## RAW DATA
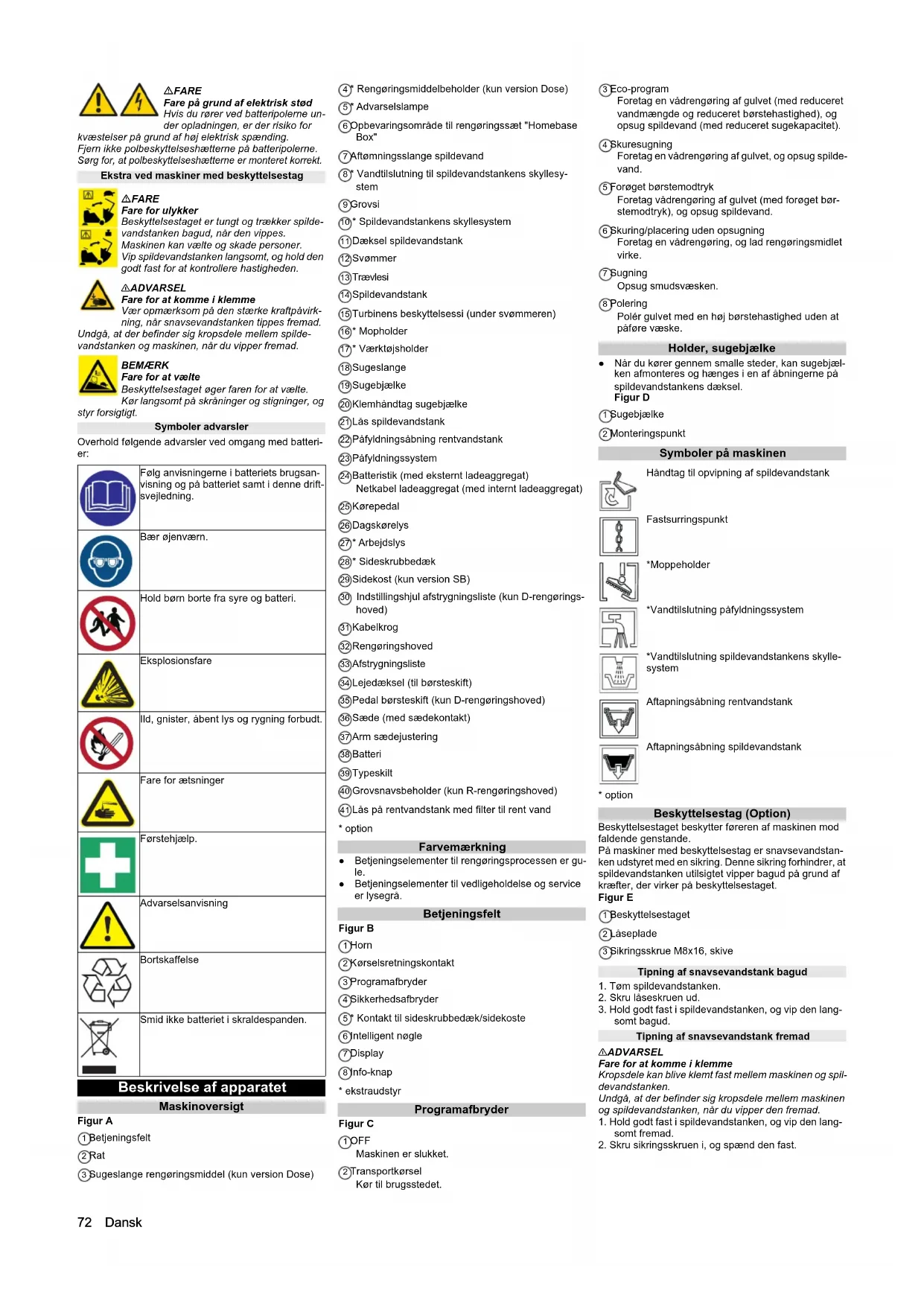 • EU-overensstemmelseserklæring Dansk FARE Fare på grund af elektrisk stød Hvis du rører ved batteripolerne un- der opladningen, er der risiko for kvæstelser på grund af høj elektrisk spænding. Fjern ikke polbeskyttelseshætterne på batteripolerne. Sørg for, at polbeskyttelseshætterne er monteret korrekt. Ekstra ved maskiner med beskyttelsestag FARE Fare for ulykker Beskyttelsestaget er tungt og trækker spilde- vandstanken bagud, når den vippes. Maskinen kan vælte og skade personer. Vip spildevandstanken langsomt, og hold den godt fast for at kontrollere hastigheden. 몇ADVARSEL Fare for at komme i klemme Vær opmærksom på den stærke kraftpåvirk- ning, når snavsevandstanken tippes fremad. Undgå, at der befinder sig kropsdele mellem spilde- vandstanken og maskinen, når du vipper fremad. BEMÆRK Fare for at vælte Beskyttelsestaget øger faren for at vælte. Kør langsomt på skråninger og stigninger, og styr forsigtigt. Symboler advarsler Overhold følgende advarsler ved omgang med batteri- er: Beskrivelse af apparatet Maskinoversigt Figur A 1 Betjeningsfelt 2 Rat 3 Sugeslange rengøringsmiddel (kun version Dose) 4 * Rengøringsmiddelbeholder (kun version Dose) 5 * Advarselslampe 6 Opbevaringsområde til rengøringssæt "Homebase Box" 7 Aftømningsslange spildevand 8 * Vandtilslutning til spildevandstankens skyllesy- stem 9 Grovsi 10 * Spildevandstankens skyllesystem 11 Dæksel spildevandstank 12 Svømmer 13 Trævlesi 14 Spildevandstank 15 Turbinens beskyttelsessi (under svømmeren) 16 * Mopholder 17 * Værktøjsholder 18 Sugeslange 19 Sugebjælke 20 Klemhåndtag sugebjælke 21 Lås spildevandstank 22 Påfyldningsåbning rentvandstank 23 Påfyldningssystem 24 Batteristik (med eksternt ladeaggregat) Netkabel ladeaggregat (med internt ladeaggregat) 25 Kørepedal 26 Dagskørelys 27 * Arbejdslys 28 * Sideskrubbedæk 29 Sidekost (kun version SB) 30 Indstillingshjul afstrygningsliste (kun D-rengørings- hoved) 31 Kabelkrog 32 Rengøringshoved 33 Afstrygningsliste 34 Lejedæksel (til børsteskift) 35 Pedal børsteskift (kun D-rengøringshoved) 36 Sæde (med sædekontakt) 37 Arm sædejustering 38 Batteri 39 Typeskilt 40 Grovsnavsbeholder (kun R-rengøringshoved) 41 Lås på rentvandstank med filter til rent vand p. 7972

---

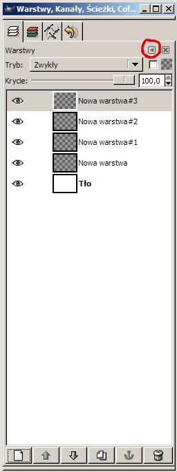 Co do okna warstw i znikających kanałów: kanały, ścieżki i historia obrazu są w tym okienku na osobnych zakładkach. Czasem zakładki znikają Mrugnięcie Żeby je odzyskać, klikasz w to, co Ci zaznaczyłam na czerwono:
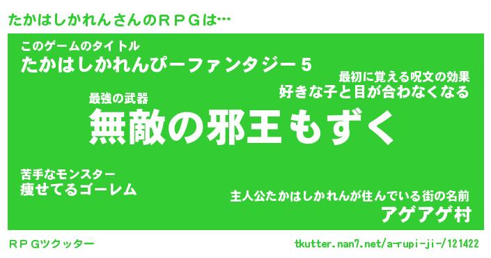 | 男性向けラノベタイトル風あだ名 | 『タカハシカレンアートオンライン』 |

## ABOUT THIS EXERCISE
Drop the pictures; return the lines above from the line containing "Co do okna warstw" to the line containing "男性向けラノベタイトル風あだ名 | 『タカハシカレンアートオンライン』 |", both included, exactly.

## TASK OUTPUT
 Co do okna warstw i znikających kanałów: kanały, ścieżki i historia obrazu są w tym okienku na osobnych zakładkach. Czasem zakładki znikają Mrugnięcie Żeby je odzyskać, klikasz w to, co Ci zaznaczyłam na czerwono:
 | 男性向けラノベタイトル風あだ名 | 『タカハシカレンアートオンライン』 |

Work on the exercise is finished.